In the records below, find the line with "This design pairs", then retype it and every following line exactly, stopping after the line with "iPad Mini 1". Leave the pictures out.
=== DATA TO USE ===
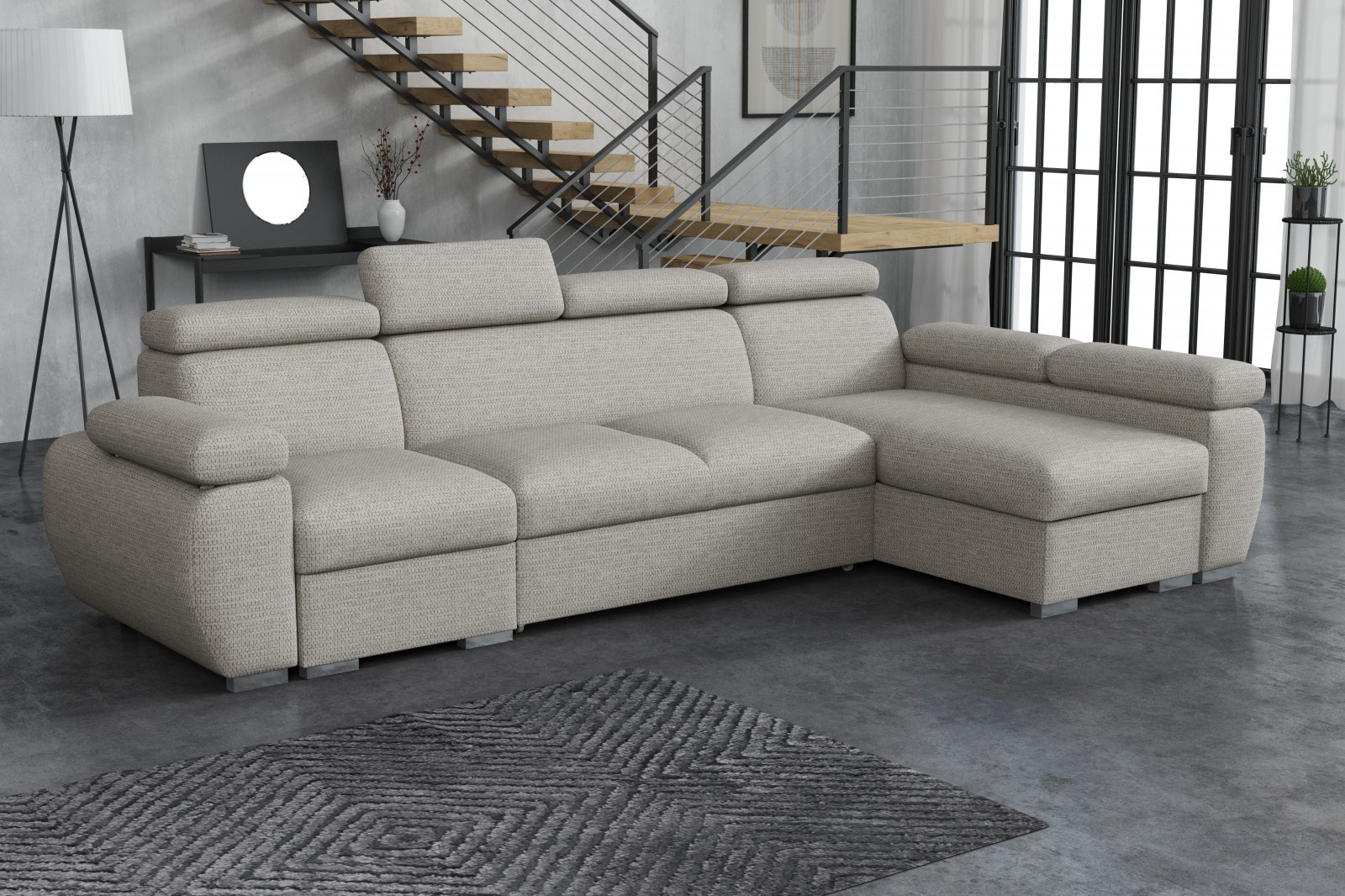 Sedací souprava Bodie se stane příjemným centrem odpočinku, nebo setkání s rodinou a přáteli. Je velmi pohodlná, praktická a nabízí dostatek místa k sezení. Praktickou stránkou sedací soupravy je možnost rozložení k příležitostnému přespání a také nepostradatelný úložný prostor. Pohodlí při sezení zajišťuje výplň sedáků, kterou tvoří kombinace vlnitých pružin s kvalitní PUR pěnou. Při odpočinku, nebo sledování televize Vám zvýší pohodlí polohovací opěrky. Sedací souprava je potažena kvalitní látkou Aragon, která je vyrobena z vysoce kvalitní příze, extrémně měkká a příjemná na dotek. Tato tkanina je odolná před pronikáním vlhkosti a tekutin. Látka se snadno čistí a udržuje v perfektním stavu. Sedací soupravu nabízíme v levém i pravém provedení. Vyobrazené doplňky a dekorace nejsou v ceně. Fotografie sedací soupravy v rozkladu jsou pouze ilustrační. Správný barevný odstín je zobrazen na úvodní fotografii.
===
=== DATA TO USE ===
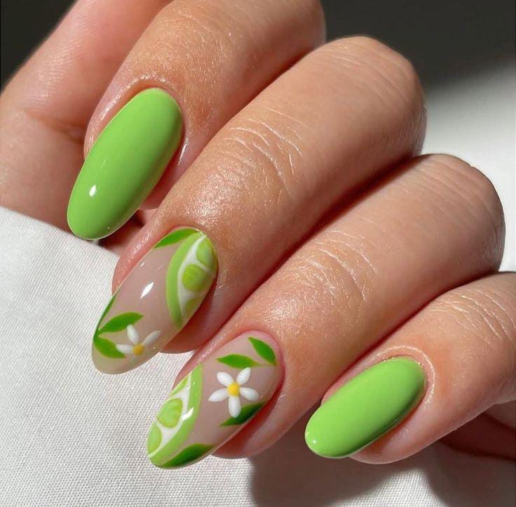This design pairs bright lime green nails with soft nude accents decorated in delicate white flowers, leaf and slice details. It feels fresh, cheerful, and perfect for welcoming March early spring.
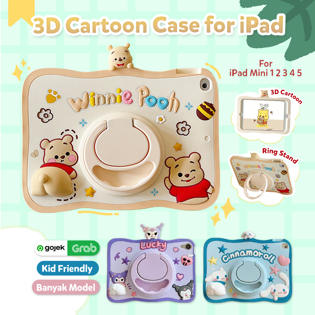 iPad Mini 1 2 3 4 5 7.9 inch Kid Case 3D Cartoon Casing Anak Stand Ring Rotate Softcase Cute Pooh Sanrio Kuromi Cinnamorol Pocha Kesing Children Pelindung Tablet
===
=== DATA TO USE ===
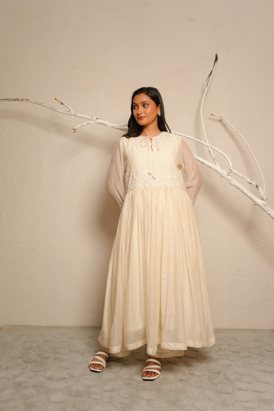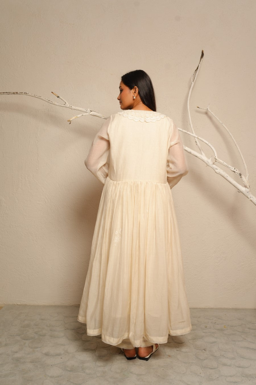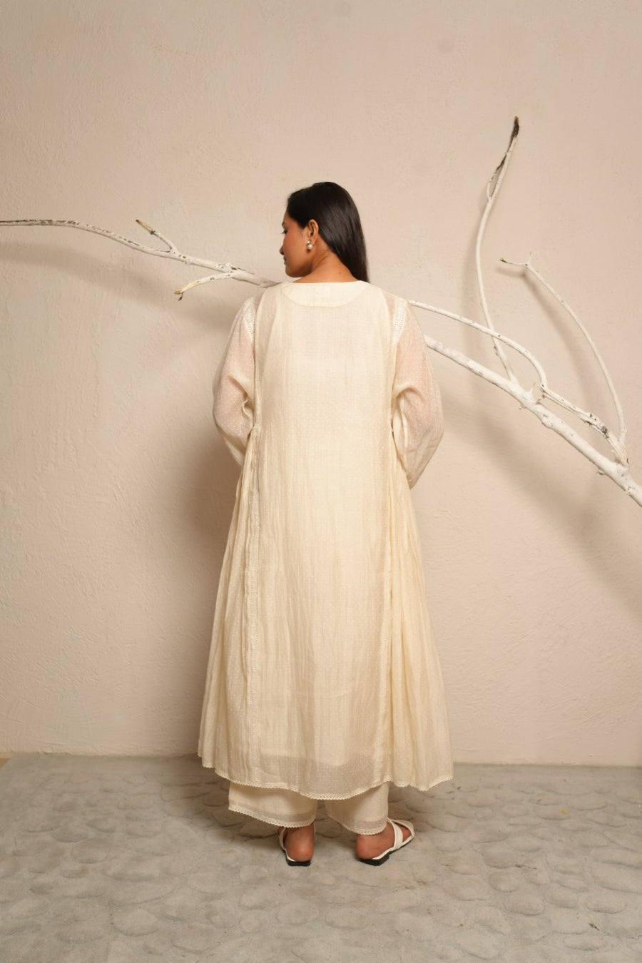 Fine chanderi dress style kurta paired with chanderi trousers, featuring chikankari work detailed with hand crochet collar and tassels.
===
** SOLUTION BELOW **
This design pairs bright lime green nails with soft nude accents decorated in delicate white flowers, leaf and slice details. It feels fresh, cheerful, and perfect for welcoming March early spring.
 iPad Mini 1 2 3 4 5 7.9 inch Kid Case 3D Cartoon Casing Anak Stand Ring Rotate Softcase Cute Pooh Sanrio Kuromi Cinnamorol Pocha Kesing Children Pelindung Tablet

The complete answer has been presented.